- **Task statement**: Under this line are the records; write out word for word the part that begins at the line containing "Každá sviečka je" and ends at the line containing "- Use: the cover", and no more.

- **Raw data**:
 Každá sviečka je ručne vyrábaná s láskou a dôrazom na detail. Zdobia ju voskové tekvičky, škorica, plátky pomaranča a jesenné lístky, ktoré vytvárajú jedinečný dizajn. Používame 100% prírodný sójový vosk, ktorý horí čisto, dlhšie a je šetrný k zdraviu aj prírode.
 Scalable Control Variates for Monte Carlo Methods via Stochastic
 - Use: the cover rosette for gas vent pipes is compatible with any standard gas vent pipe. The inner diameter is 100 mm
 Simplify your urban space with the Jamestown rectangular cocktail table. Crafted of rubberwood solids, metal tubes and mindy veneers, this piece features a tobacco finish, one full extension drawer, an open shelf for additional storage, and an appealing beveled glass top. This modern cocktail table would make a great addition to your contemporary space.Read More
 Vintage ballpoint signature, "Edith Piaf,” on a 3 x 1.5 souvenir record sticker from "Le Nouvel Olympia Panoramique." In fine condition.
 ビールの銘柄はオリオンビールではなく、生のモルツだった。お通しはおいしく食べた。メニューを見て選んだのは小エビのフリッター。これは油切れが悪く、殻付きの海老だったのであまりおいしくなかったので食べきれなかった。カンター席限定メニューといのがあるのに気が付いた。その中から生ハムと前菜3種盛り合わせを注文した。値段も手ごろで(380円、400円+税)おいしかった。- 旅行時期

...

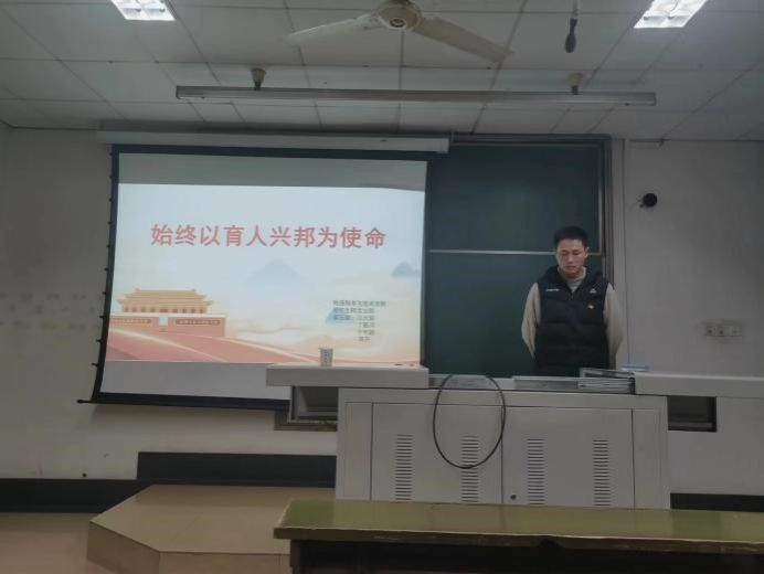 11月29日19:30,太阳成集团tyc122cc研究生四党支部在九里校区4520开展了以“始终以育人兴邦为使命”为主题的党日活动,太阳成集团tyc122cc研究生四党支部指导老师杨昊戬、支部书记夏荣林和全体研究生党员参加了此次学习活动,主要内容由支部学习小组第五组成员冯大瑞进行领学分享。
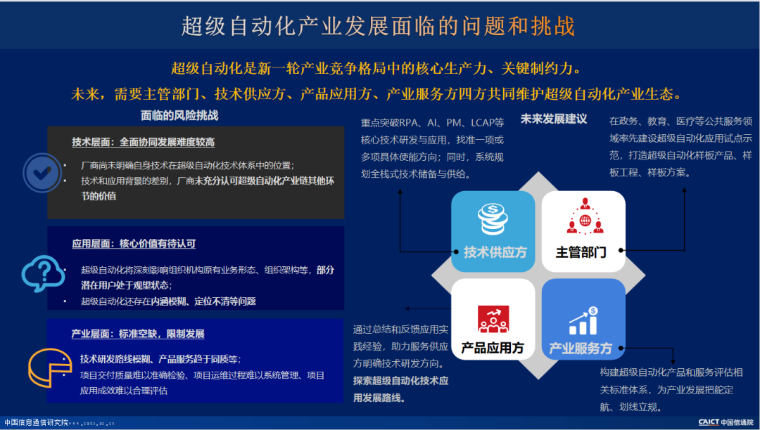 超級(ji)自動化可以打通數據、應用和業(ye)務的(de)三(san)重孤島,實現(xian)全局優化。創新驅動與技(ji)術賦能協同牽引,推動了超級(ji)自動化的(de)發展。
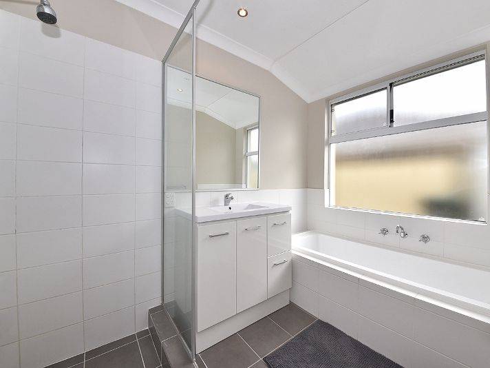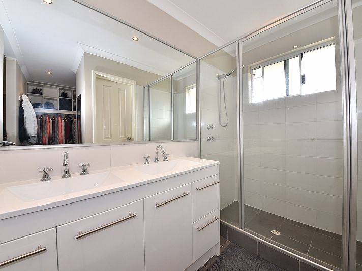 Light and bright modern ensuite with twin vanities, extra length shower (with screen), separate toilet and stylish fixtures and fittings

- **Result of this task**:
 Každá sviečka je ručne vyrábaná s láskou a dôrazom na detail. Zdobia ju voskové tekvičky, škorica, plátky pomaranča a jesenné lístky, ktoré vytvárajú jedinečný dizajn. Používame 100% prírodný sójový vosk, ktorý horí čisto, dlhšie a je šetrný k zdraviu aj prírode.
 Scalable Control Variates for Monte Carlo Methods via Stochastic
 - Use: the cover rosette for gas vent pipes is compatible with any standard gas vent pipe. The inner diameter is 100 mm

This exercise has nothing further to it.